Social Investing Expands Reach of Philanthropy
Casey has long worked to empower families and create economic opportunity in a struggling Oakland, California neighborhood, but in 2005, it started using an additional philanthropic tool—by making a social investment as well as grants to further its mission.
With affordable housing a key challenge in the Oakland neighborhood, Casey’s $2 million program related investment (PRI) and $250,000 grant to the nonprofit Northern California Community Loan Fund were earmarked to finance 300 housing units that low-income families could afford to rent.
“Increasing the inventory of affordable housing is an essential component of the Foundation’s efforts to create opportunities for families in Oakland’s Lower San Antonio neighborhood,” explains Christa Velasquez, Casey’s director of social investments.
Designed to provide a societal or mission-related return as well as a financial return, social investments include two types: PRIs and mission-related deposits. PRIs are generally below-market rate loans, loan guarantees, or equity investments that support charitable purposes aligned with a foundation’s mission. Mission-related deposits— typically structured as market rate insured certificates of deposit or share certificates—are made to financial institutions.
Under Doug Nelson’s leadership, Casey has boosted social investing externally and internally, says Sharon B. King, president of the F.B. Heron Foundation in New York. “Doug has been enormously helpful to the mission investing movement,” says King. “He took on a very public role in presenting the rationale for mission investing—and he took Casey beyond talk to tangible.”
In 2007, Casey joined with Heron and Meyer Memorial Trust, of Oregon, to launch the More for Mission Campaign, which challenged foundations to increase “social investing” by $10 billion within five years.
Casey also helped build the field by co-founding the PRI Makers Network, an affinity group of foundations that make social investments. And Casey, along with Meyer and Heron, provided support when a leading investment consultant to foundations— Boston-based Cambridge Associates—created a mission-related investing group in 2007.
Internally, Casey’s allocation of the endowment for social investing has grown from $20 million in 1998 to $125 million in February 2010. Casey developed an expert in-house social investing team and to date has invested $64 million.
“Doug emphasizes that we use our social investments to make markets work,” says Velasquez. “We often go in and either fill the gap by providing the last piece of financing needed to make something happen or sometimes we’re the very first ones, providing credibility, kind of like the Good Housekeeping Seal of Approval.

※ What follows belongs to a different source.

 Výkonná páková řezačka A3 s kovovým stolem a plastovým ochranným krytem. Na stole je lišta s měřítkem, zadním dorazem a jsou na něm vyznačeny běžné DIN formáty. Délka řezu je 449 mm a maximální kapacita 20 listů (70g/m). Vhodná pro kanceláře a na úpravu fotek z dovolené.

Or we’ll finance a project and hope that if it proves successful, our funds will eventually be replaced by the traditional capital markets.”

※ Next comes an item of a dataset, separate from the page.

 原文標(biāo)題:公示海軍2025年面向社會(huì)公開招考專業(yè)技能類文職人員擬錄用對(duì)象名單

Nelson’s passionate advocacy of social investing as a way for foundations to spend more of their wealth to do good and to encourage private markets to do good has encouraged more foundations to take some risk, by marrying investments with grants.
“Doug has always recognized the limitations of philanthropy, that its resources are finite, and that if we really want to be a game changer, we have to leverage more sources of capital from the markets themselves,” says Gary Hattem, chair of the board of Living Cities, a philanthropic collaborative that includes Casey.

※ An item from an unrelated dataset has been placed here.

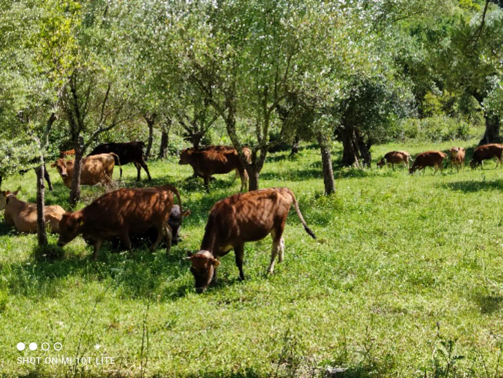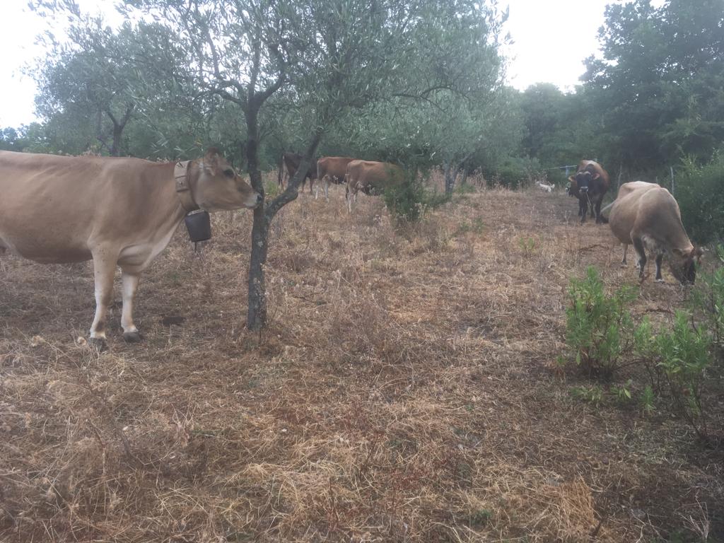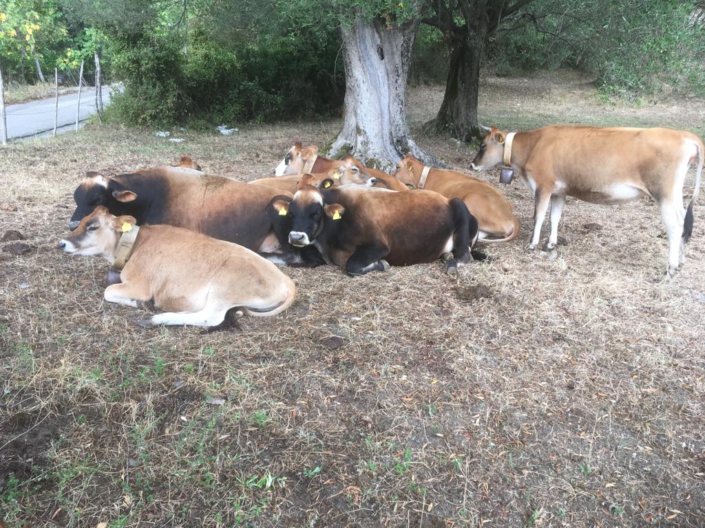 Per quanto riguarda le bovine abbiamo solo razza jersey. Però, vanno al pascolo. Abbiamo scelto la jersey un po’ per passione per il tipo di animale, un po’ perché è un animale molto piccolo si adatta ai nostri terreni scoscesi e poi per la scelta del loro latte per fare dei prodotti che ci consentano di diversificarci sul mercato.

For Meyer Memorial Trust, a 2006 speech by Doug Nelson at the PRI Makers Network’s first conference, urging foundations to not only spend more of their assets but to spend differently, was a turning point.
“I remember being struck by his clear commitment to going well beyond traditional grant making and utilizing all assets of the foundation to the greatest extent possible,” recalls Douglas Stamm, Meyer’s chief executive officer. “It had a significant impact on me and my trustees in the audience as well as on other foundations.
“I give Doug, personally, and the Foundation, within the industry, tremendous credit for moving mission related investing—which is all about having greater impact in what we do—from a very nascent stage just a few years ago to the mainstream,” says Stamm. “It is now one of the most consequential topics in the field.”